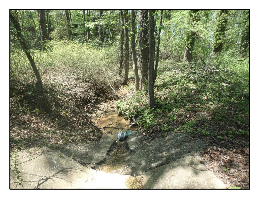
Waters 3UU – Intermittent
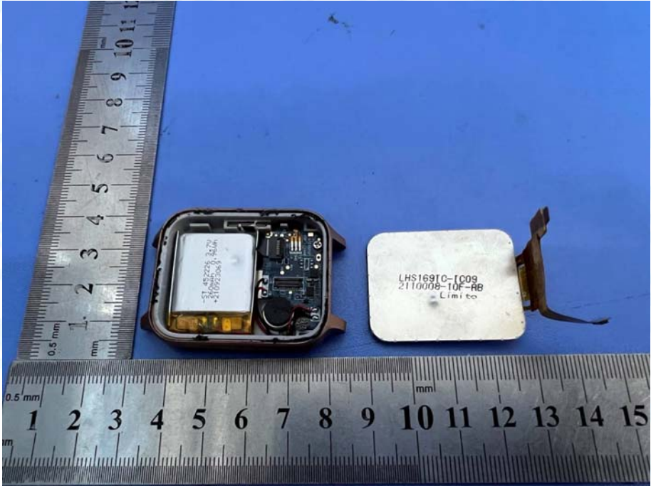
Photo 8 Appearance of PCB
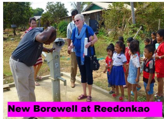
New Borewell at Reedonkao
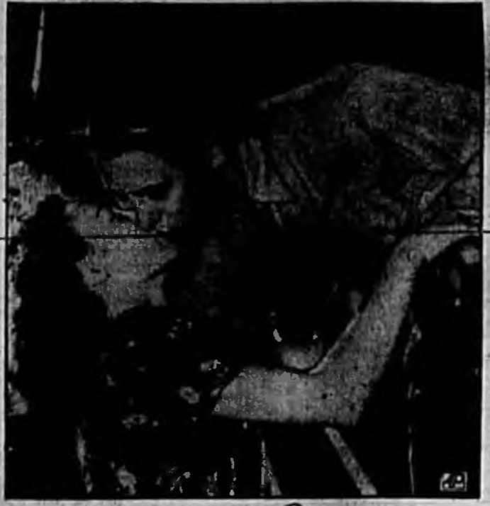
In scenes reminiscent of World War days, United States Marines sailed from San Diego, Calif., to assist forces already in Shanghai protecting American citizens and property.
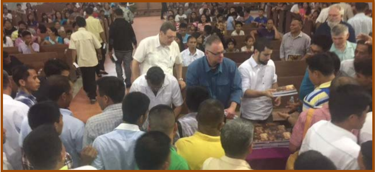
Team Members work to distribute their final round of FirstLove Publications Literature at Maranding.

NOTE: The preaching atmosphere in Maranding was certainly unique. Lizards and cockroaches climb the walls and run across the floor. Birds fly overhead in the building. Sometimes you have to wave off hornets flying around you. In one church that Pastor Nelson preached in, there was a neighborhood dog sleeping in the center aisle during the service.

_ _ _ _ _

■ YOUR ASSIGNMENT: Which lines above include the word "Maranding"? Pick them out and copy them.

■ WRITTEN RESPONSE:
Team Members work to distribute their final round of FirstLove Publications Literature at Maranding.
NOTE: The preaching atmosphere in Maranding was certainly unique. Lizards and cockroaches climb the walls and run across the floor. Birds fly overhead in the building. Sometimes you have to wave off hornets flying around you. In one church that Pastor Nelson preached in, there was a neighborhood dog sleeping in the center aisle during the service.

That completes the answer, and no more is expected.